• _Exercise description_: Repeat exactly, and only, the lines from the line bearing "Embrace the utility" through the end of the material. Do not copy the pictures.

• _Raw data_:
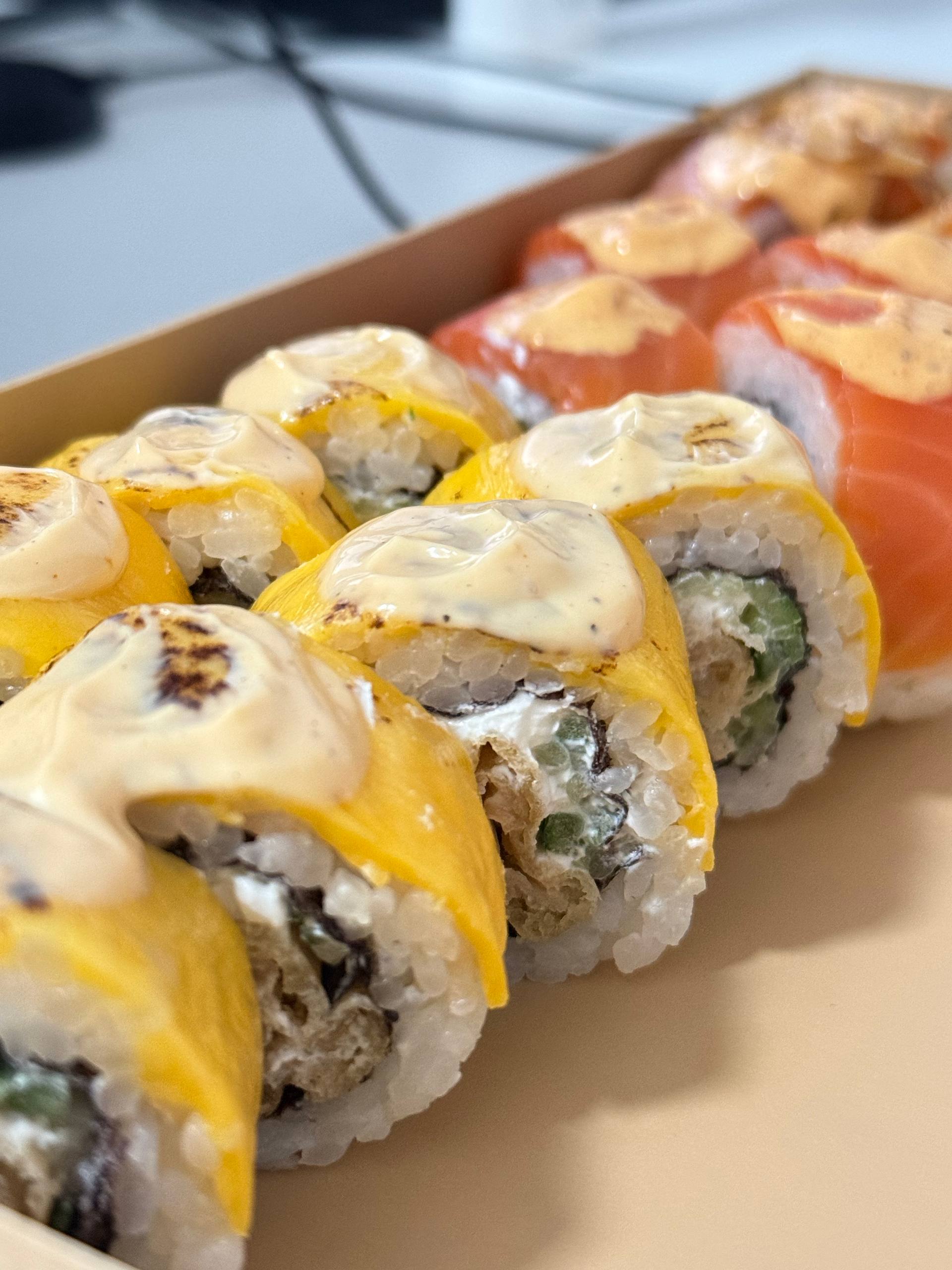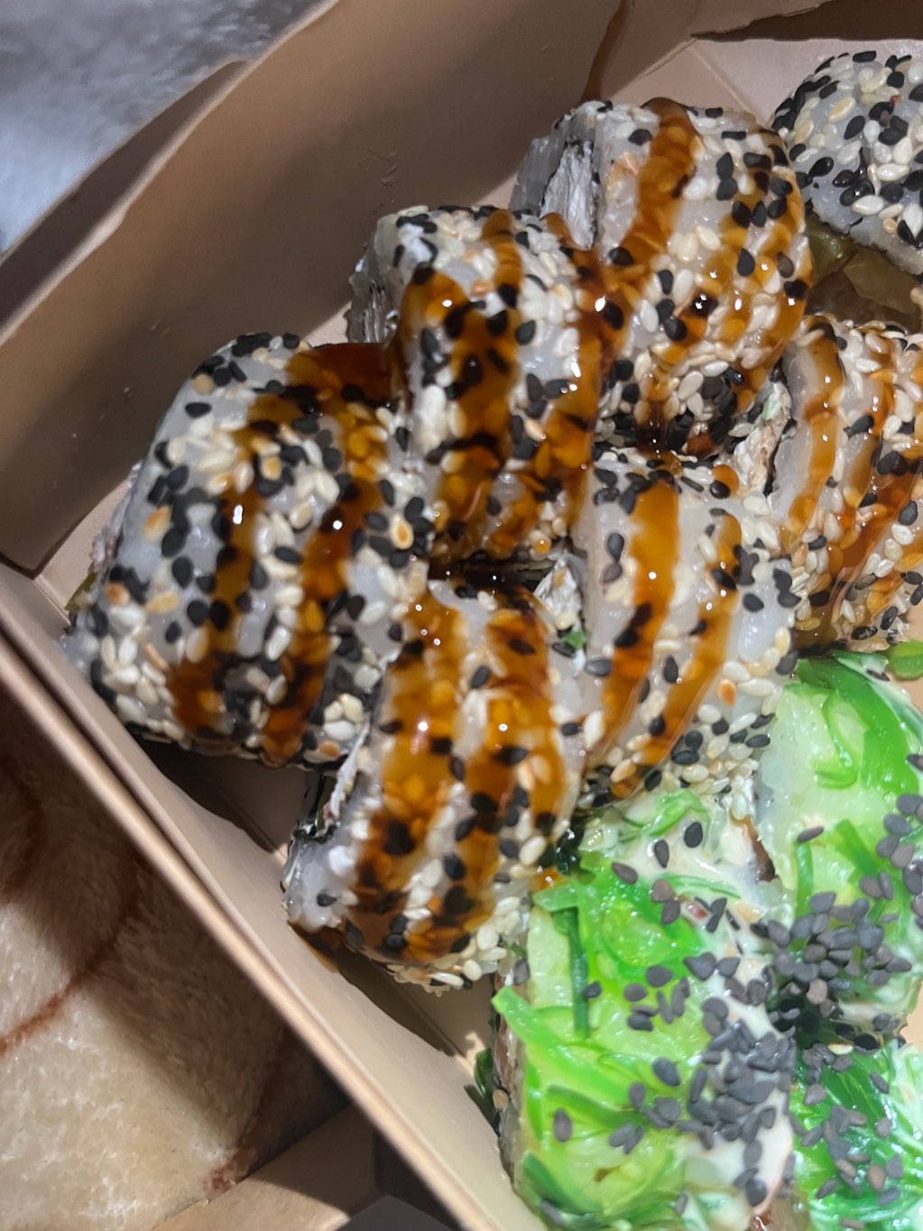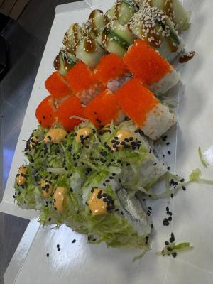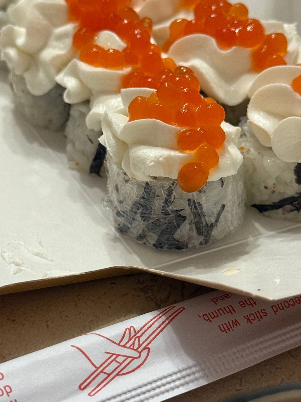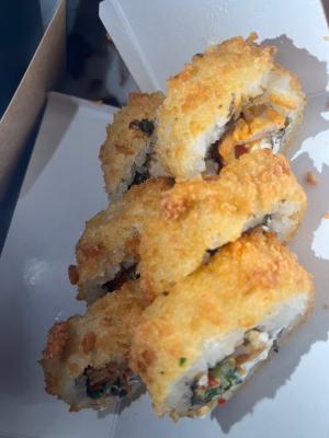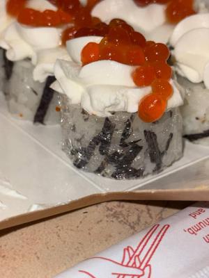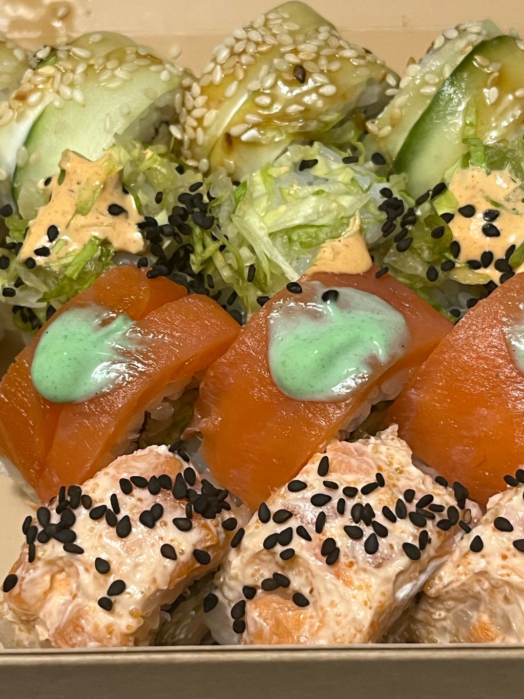 Состав: лосось, огурец, сливочный сыр, соус спайси, кунжут кимчи, соус терияки, кляр, сухари панко
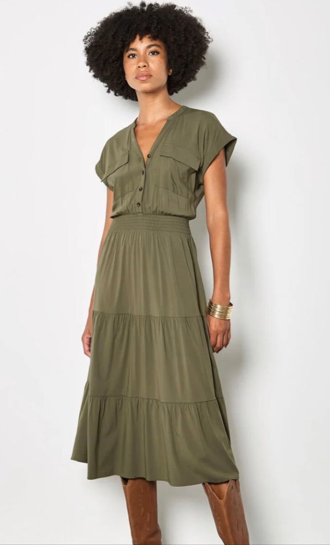 Embrace the utility trend with this versatile midi dress that effortlessly transitions from office to weekend. Crafted from soft woven fabric, it features a flattering V-neck with button-down bodice, functional twin chest patch pockets, and a smocked waist that cinches beautifully. The tiered skirt creates a flowing, feminine silhouette that moves with you.
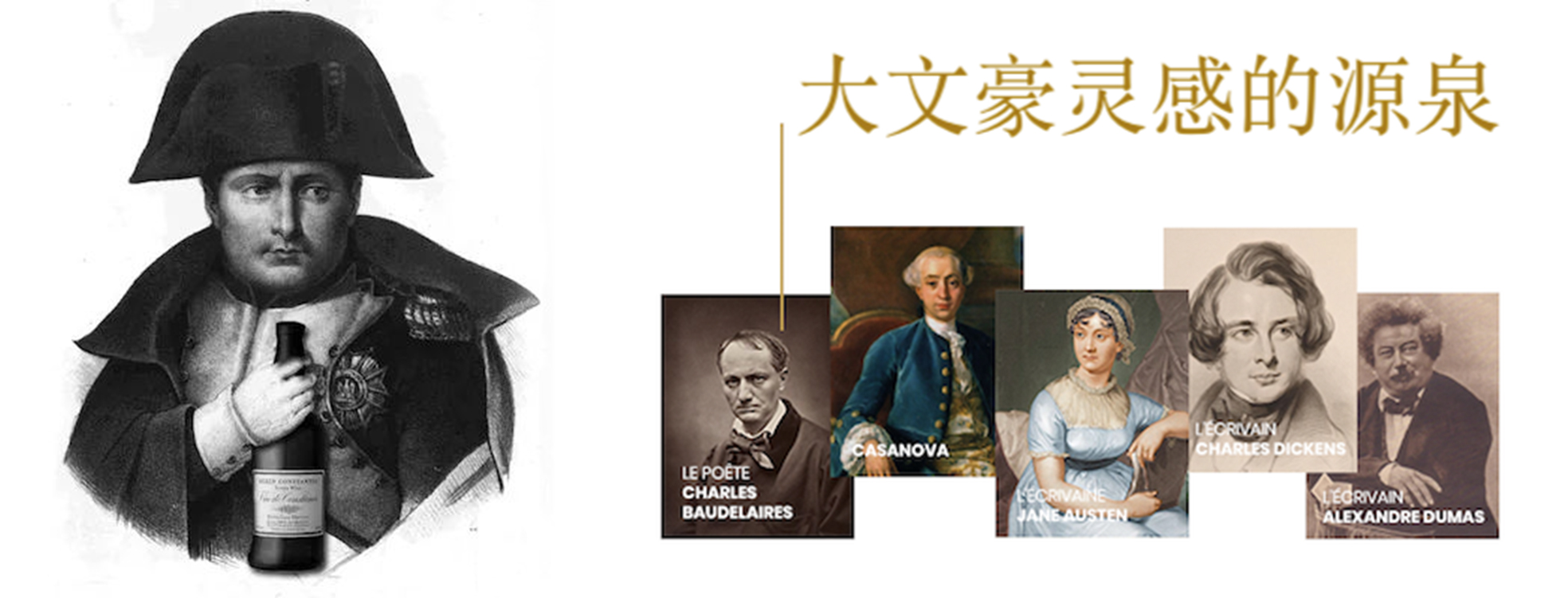 4、从18世纪到19世纪,康斯坦提亚(Constantia)葡萄酒已经享誉全球,人们为了得到它不惜花费黄金的价格,欧洲皇室甚至法国拿破仑都是它的粉丝!当时的文艺青年大仲马与小仲马,简·奥斯汀,查尔斯狄更斯和波特莱尔还把康斯坦提亚葡萄酒写到了他们的书里!康斯坦尼亚甜酒硬是凭借着一己之力打入欧洲上流社会,完成了酒庄的逆袭和复兴!是完全意义上的

• _Solved problem_:
 Embrace the utility trend with this versatile midi dress that effortlessly transitions from office to weekend. Crafted from soft woven fabric, it features a flattering V-neck with button-down bodice, functional twin chest patch pockets, and a smocked waist that cinches beautifully. The tiered skirt creates a flowing, feminine silhouette that moves with you.
 4、从18世纪到19世纪,康斯坦提亚(Constantia)葡萄酒已经享誉全球,人们为了得到它不惜花费黄金的价格,欧洲皇室甚至法国拿破仑都是它的粉丝!当时的文艺青年大仲马与小仲马,简·奥斯汀,查尔斯狄更斯和波特莱尔还把康斯坦提亚葡萄酒写到了他们的书里!康斯坦尼亚甜酒硬是凭借着一己之力打入欧洲上流社会,完成了酒庄的逆袭和复兴!是完全意义上的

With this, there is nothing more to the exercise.